Data from some clinical studies of gender differences, although not all, provide indirect evidence that estrogen may confer a protective effect against developing schizophrenia, delaying its onset until menopause. Correlational studies of the menstrual cycle and estrogen levels suggest that estradiol may act like a neuroleptic to reduce psychopathology associated with schizophrenia, especially the positive symptoms. This evidence suggests that estrogens may be interacting in some way with the dopamine systems thought to be involved in schizophrenia. More direct evidence demonstrating the effects of estrogens on dopamine systems comes from animal studies, both behavioral and biochemical.
Preclinical studies
Behavioral studies of the relationship between estrogen and dopamine
Preclinical animal studies provide some direct evidence for the modulation of dopamine systems by estrogen. In some behavioral studies, estrogen produced a decrease in dopamine-related behaviors, such as locomotor and rotational behaviors (Bedard et al. 1981; Euvrard et al. 1979). Estrogen has also been shown to reduce amphetamine- and apomorphine-induced stereotypies (Gordon and Diamond 1981; Hafner et al. 1991; Hruska and Silbergeld 1980), as well as to enhance neuroleptic-induced catalepsy (Chiodo et al. 1979; Di Paolo et al. 1981; Gordon et al. 1980; Hafner et al. 1991).
In these behavioral studies, estrogen seems to act in a manner similar to blocking dopamine receptors. This neuroleptic-like effect seen in animal studies is consistent with the notion that estrogen is protective and that decreasing levels may increase vulnerability to manifesting schizophrenia.
While there is much evidence to support a neuroleptic-like (anti-dopaminergic) effect of estrogen, there is also some evidence that estrogen enhances dopamine-related behaviors. Nausieda and colleagues (1979) found that oophorectomy decreased apomorphine- or amphetamine-induced stereotyped behaviors in guinea pigs and that estradiol replacement restored the stereotyped behaviors.
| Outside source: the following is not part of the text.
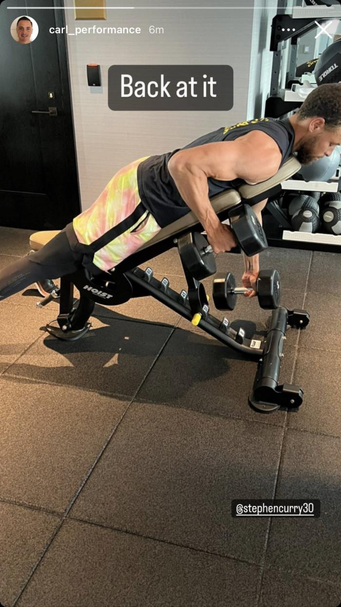 前几天,库里参加了塔霍湖的全美高尔夫名人赛,拿到41分并列第十六名,如今训练师晒出库里回归训练的画面,正在健身房进行力量训练,手臂粗壮太抢镜。

Other studies have demonstrated a biphasic effect of estrogen. Bedard and colleagues (1984) lesioned regions in midbrain of monkeys which resulted in tongue protrusion and rolling, as well as lateral jaw movements, that were enhanced by dopamine agonists and decreased by dopamine antagonists. Using this monkey model of lingual dyskinesia, the authors investigated the effects of estradiol and haloperidol on dopamine and motor behaviors. The investigators measured levels of apomorphine-induced tongue protrusion in ovariectomized monkeys and then administered either estradiol or haloperidol. Both estradiol and haloperidol produced a 75 percent decrease in apomorphine-induced dyskinesia 24 hours after administration and an increase in dyskinesia 2 weeks later. The specificity of the estrogen effect was demonstrated in another experiment using the midbrain lesion (Bedard et al. 1983). Following the lesion and ovariectomy, some monkeys developed a tremor that was suppressed by the administration of apomorphine. Chronic estradiol treatment had no effect on the tremor. In contrast, the lingual dyskinesia which increased with apomorphine administration was reduced by either a single dose or chronic administration of estradiol.
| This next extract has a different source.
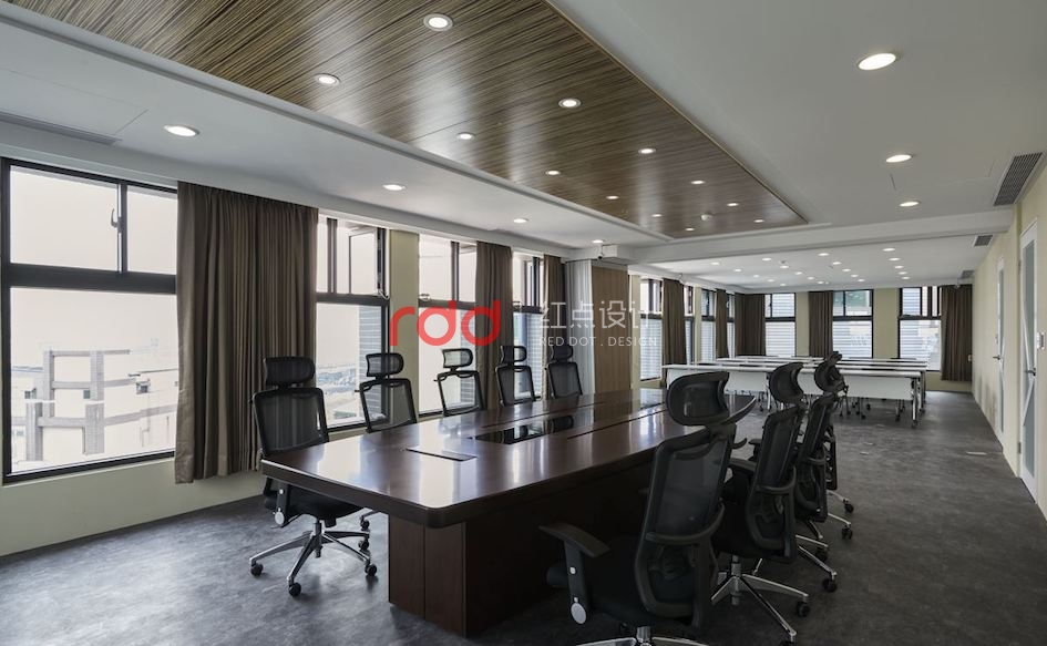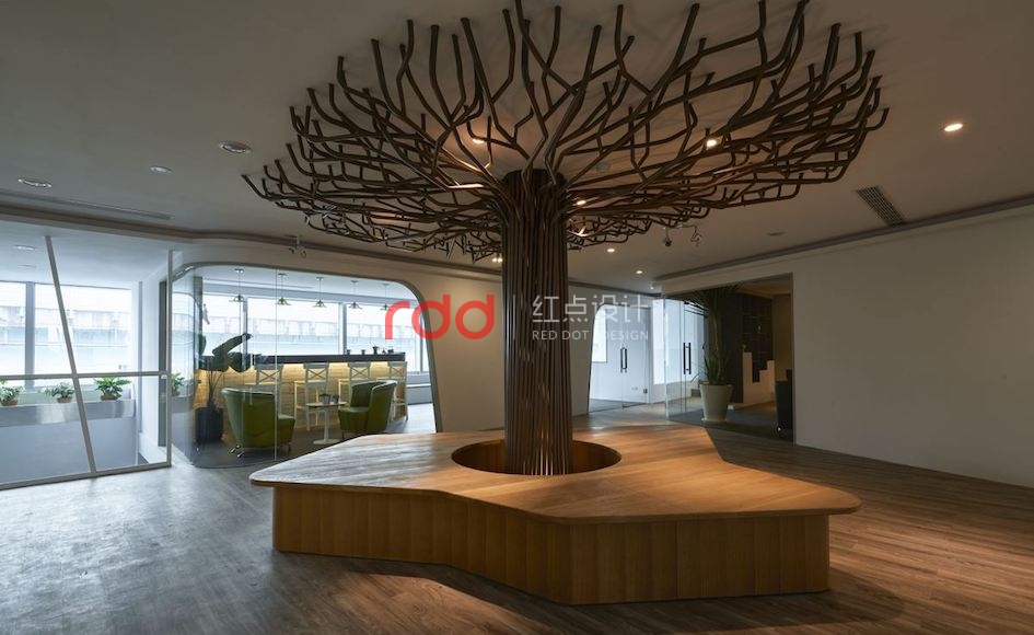 而接待洽公者的待客區(qū),從地面、墻面,一直延伸至天花板,以檜木板鋪設(shè)出像是被森林包圍的放松氛圍,另外再搭配整面玻璃墻增加場(chǎng)域穿透性,讓旁邊的辦公室也能看見(jiàn)這個(gè)療愈感滿分的美好領(lǐng)域。走上懸空樓梯,設(shè)計(jì)師在主空間設(shè)計(jì)以樹(shù)木為意象的大型藝術(shù)裝置,搭配木紋地板,將木質(zhì)感所帶來(lái)的潤(rùn)和氣息擴(kuò)散到每個(gè)角落,輸入自然人文的氣韻。

Biochemical studies of the relationship between estrogen and dopamine
Preclinical biochemical studies also indicate that estrogen has a modulatory effect on dopamine systems, however, the results are somewhat contradictory. Estrogen appears to up-regulate or down-regulate dopamine systems depending on the time course of its administration (Van Hartesveldt and Joyce 1986). Acute in vivo administration of estradiol decreased the affinity of [3H] spiroperidol for the D2 receptor in the rat striatum (Gordon and Perry 1983; Hafner et al.1991); it also decreased the ratio of high-affinity to low-affinity dopamine agonist sites (Clopton and Gordon 1985). Chronic administration of estradiol to ovariectomized rats also decreased the content of dopamine in several brain nuclei, but did not alter dopamine turnover (Dupont et al. 1981).
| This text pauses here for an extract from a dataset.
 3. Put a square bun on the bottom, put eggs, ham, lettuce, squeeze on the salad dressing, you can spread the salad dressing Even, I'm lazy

In contrast, some studies found that estrogen treatment of ovariectomized rats resulted in an increase in the number of dopamine receptors (Di Paolo et al. 1979, 1982). This result was replicated by Hruska and Silbergeld (1980) with a single high dose 17B estradiol (125 ug) in male rats. The number of dopamine receptors labeled with [3H] spiroperidol increased by about 20 percent, and there was no change in binding affinity. Both estradiol and haloperidol increased the number of striatal dopamine receptors in ovariectomized female rats, and the effect was additive when both treatments were administered (Dupont et al. 1981). Bedard and colleagues (1984) raised a question whether an increase in receptors could indicate facilitation or be a consequence of receptor blockade following haloperidol administration, since haloperidol initially blocks receptors and then produces supersensitivity. Therefore, the authors cautioned that the dose and time of observation after the last dose must be considered.
What can be made of these inconsistent results? Perhaps acute administration in animals more closely mimics the fluctuations in estrogen levels seen in women. Chronic, high doses of estrogen may not be relevant as women are typically not exposed to sustained high levels of estrogen.
To summarize the preclinical studies, acutely administered estrogen may act similar to neuroleptics on dopamine-associated behaviors and biochemical studies have shown that estrogen can alter dopamine receptor density and affinity, although the effect is dependent on the time course of the administration.
Treatment studies
There have been few treatment studies investigating the effect of estrogen on psychopathology in women with schizophrenia. Kulkarni and colleagues (1995) reported that the administration of 0.02 mg estradiol to premenopausal women with schizophrenia or schizoaffective disorder for 1 month in conjunction with standardized neuroleptic treatment decreased the total score on the SAPS to a greater extent than in a comparison group of women who received neuroleptics only. At the end of 2 months’ treatment with estradiol, however, the scores on the SAPS increased. Kulkarni and colleagues concluded that estradiol might enhance the effects of neuroleptics to reduce positive symptoms initially but that this effect might be reversed with longer administration of estradiol. There has also been a case report of the effect of estrogen treatment on psychotic symptoms in a 48-year-old woman with schizoaffective disorder with premenstrual exacerbation of symptoms. Treatment with 3.0 mg of estradiol (percutaneous) for 5 months increased her serum level of estradiol from 50 pmol/L to 140 pmol/L and increased her subjective sense of well-being (Korhonen et al. 1995). The patient self-discontinued her “psychotropic” medication (the type of medication was unspecified) 1 month after beginning estrogen therapy and had no relapse over the next year.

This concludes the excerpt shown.